Scotiabank to buy 20% stake in Chinese bank

HONG KONG — Bank of Nova Scotia said on Friday it will buy a near 20% stake in Bank of Guangzhou for about $719 million to expand its footprint in China, the latest to invest in a Chinese bank before its IPO.

Scotiabank expects the deal to add to earnings next year and for the deal to close by December this year, it said in a statement on Friday.

“Asia is a region of strategic importance for Scotiabank and enhancing our investment in China supports our long term growth strategy,” Scotiabank’s president and chief executive, Rick Waugh, said.
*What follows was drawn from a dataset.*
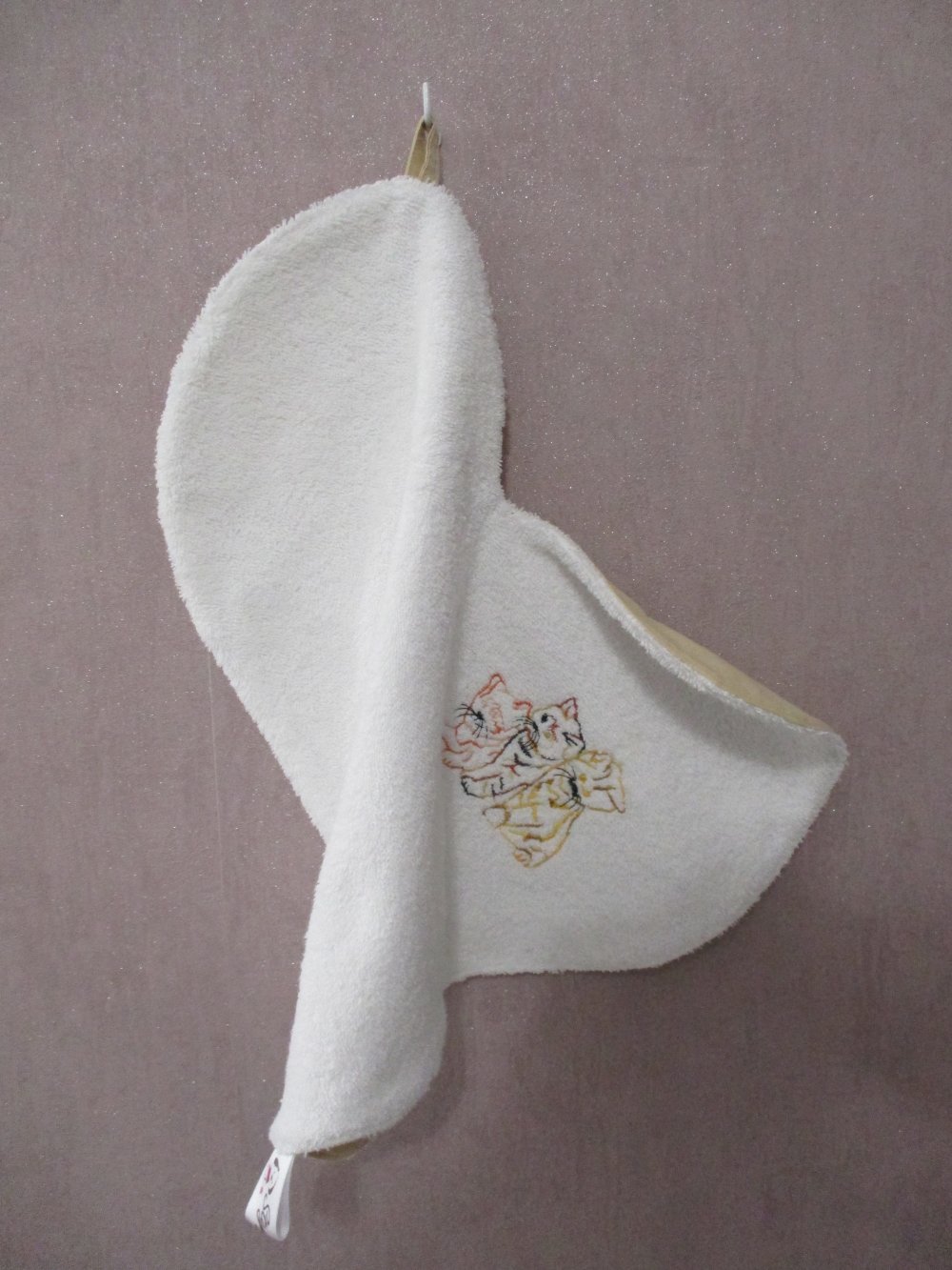 Cousu avec amour cet essuie-pattoune en éponge et coton peut même essuyer les mains des humains (mais attention nos compagnons risquent de râler).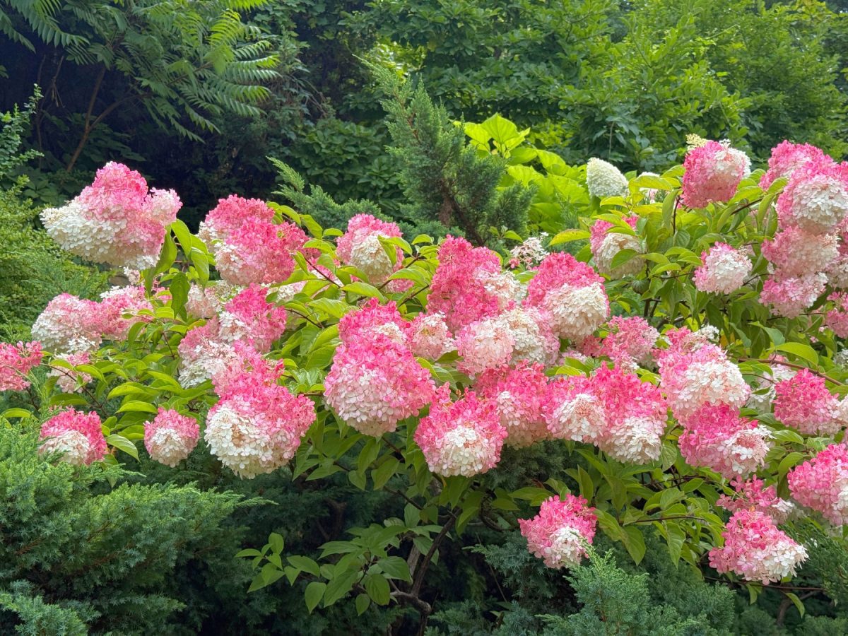 Гортензия метельчатая (Hydrangea paniculata) — королева позднего лета. Сорт «Ванилла Фрейз» (Hydrangea paniculata ‘Vanille Fraise’) с огромными конусами соцветий, которые меняют цвет с белого на розовый, вырастает до 150 сантиметров. «Бобо» (Hydrangea paniculata ‘Bobo’) — компактный вариант высотой около метра, подходит для небольших участков. Гортензию нужно обрезать весной, оставляя 3–4 почки на побегах, тогда соцветия будут крупными. Она любит влагу, поэтому в жару требует полива.

Bank of Guangzhou is not publicly listed, but is primarily government owned. It has been looking to list in Shanghai and last year invited bids from foreign investors for a 20% stake.

Many other foreign banks own the maximum permissible 20% stake in second-tier Chinese lenders. For example, Citigroup C.N owns about 20% of Guangdong Development Bank, while ANZ owns 20% of Bank of Tianjin and Shanghai Rural Commercial Bank.

The initial wave of foreign banks investing in Chinese lenders began with global names such as Bank of America and Goldman Sachs buying stakes in top players such as ICBC and China Construction Bank before their IPOs.

Since then, many of the foreign banks have begun unwinding their investments, typically for a hefty profit. For example, BofA made an after-tax gain of about US$3.3 billion when it sold half of its stake in China Construction Bank in August this year.

“The small-to-medium-sized Chinese banks are probably looking to learn from the business models of these foreign banks,” said Liu Qiao, a professor at Peking University’s Guanghua School of Management.

“The big foreign banks such as HSBC have already bought stakes in the big Chinese banks, so we may see more happening in the second-tier lenders now.”

Scotiabank’s move into China is also the latest foray by a Canadian bank into the world’s No.2 economy. Rival Bank of Montreal became the first Canadian bank to incorporate in China in November 2010 and has said it wants to focus on wealth management and trade financing.

The 127 foreign banks operating in China saw their overall market share rise to 1.83% in 2010 from 1.7% in 2009, with total aggregate assets of 1.7 trillion yuan, accounting firm PwC said in a report in June.